La película es una actualización de ese espíritu. Por eso la mayor parte del metraje transcurre en locaciones distantes (aunque no siempre tan diferentes a Miami): Ciudad del Este, Haití, Colombia. Pero la historia no cae en el lugar común de culpar a Latinoamérica por los problemas de Estados Unidos; en estos parajes sucede exactamente lo mismo que en Miami, sólo que está más a la vista (lo que de paso acota bastante la hipocresía). Incluso unos cuantos minutos tienen lugar en Cuba, pero, vaya sorpresa, se reinvindica indirectamente al régimen castrista.

Mann pinta un mundo en el que el crimen se ha globalizado. Los mismos que se dedican a traficar drogas, incorporan a sus negocios las armas y la alta tecnología. Ya no hay lealtades sólidas, sólo dinero en juego. El delito se ha convertido en la empresa más rentable y, como tal, tiene a su disposición la mejor tecnología. En este contexto, la situación de los protagonistas es bastante paradojal. Son profesionales absolutos (como en todos los films de Mann), leales entre sí y con sus compañeros y manejan con inteligencia –ellos también– teléfonos satelitales y modernísimas armas de un poder increíble. Sin embargo, parecen destinados a ganar pequeñas batallas pero a perder la guerra: sus virtudes pueden volverse en su contra, el amor no cabe en sus vidas y, para desbaratar una estructura criminal, tienen que actuar como criminales.

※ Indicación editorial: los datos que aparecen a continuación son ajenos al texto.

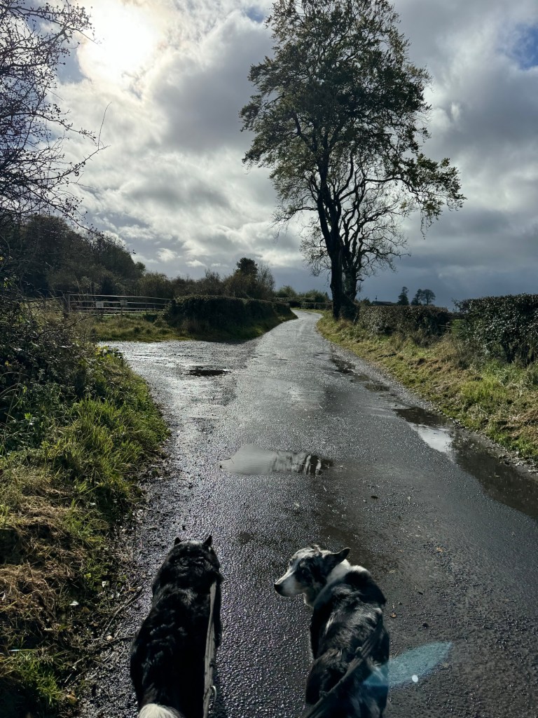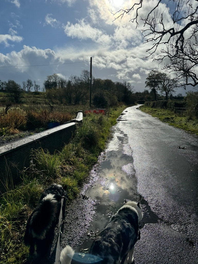 I had some lunch and finally caught a dry spell, managed to get the dogs out before 2pm. The sun even made an appearance! Love the reflection in the puddle.
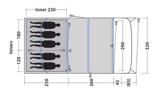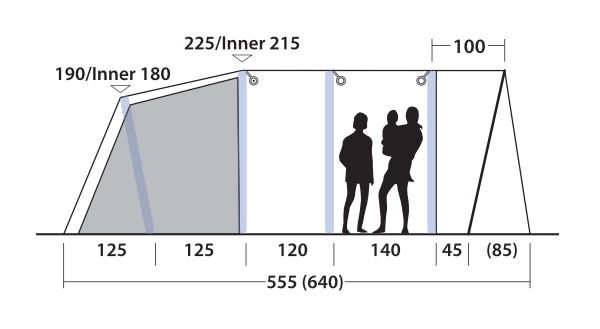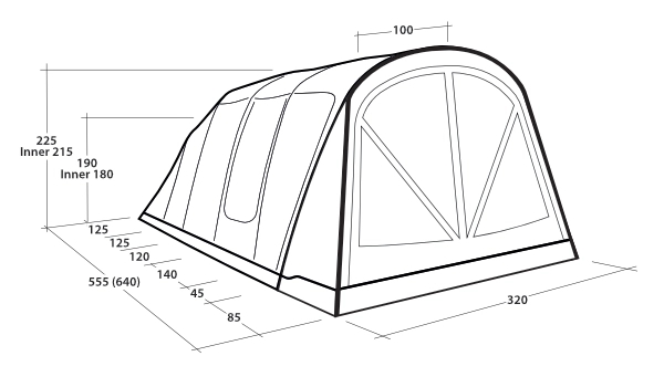 • Formede luftstenger sikrer god ståhøyde og romslighet i teltet

Son, en cierta manera, vencedores vencidos.

Mann sigue siendo el mismo en muchos aspectos esenciales. La misma pulsión en la cámara, siguiendo los movimientos de los personajes; la misma atención en cada detalle de los procesos y ritos; la misma exploración de los paisajes urbanos; la misma violencia, doblemente impactante a través del sonido. Sorprende con un relato que retrasa las esperadas escenas de acción para concentrarse en los climas, y en el que los buenos no necesariamente ganan. Un relato que, implícitamente, y por si fuera poco, se permite reflexionar sobre la dinámica de la “lucha contra el terrorismo”. Sí, Miami Vice es también una película política, que sugiere que el horror tiene múltiples escondites y rostros. Y que siempre se reproduce. Apuesta arriesgada la de Mann. El fracaso de público del film en Estados Unidos lo confirma.